#### [Task requirements]
Skip pictures in the listing below; copy exactly the lines from the one with "DAMIEN HIRST - NASC." through the one with "My style galette", inclusive.

#### [Records for the exercise]

——

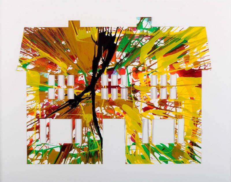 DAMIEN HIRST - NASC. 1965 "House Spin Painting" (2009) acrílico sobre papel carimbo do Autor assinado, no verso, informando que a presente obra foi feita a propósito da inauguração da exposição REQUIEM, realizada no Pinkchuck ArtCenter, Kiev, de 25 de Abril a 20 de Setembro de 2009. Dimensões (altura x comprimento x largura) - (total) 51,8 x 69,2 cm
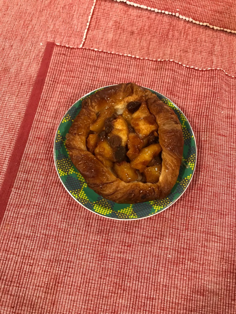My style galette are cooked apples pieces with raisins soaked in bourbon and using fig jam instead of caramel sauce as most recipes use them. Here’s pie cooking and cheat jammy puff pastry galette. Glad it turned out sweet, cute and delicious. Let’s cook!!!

——

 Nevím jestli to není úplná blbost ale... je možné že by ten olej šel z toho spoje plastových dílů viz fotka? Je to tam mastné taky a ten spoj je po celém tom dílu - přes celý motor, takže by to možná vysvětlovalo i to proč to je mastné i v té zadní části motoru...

——

#### [Answer for the task]
 DAMIEN HIRST - NASC. 1965 "House Spin Painting" (2009) acrílico sobre papel carimbo do Autor assinado, no verso, informando que a presente obra foi feita a propósito da inauguração da exposição REQUIEM, realizada no Pinkchuck ArtCenter, Kiev, de 25 de Abril a 20 de Setembro de 2009. Dimensões (altura x comprimento x largura) - (total) 51,8 x 69,2 cm
My style galette are cooked apples pieces with raisins soaked in bourbon and using fig jam instead of caramel sauce as most recipes use them. Here’s pie cooking and cheat jammy puff pastry galette. Glad it turned out sweet, cute and delicious. Let’s cook!!!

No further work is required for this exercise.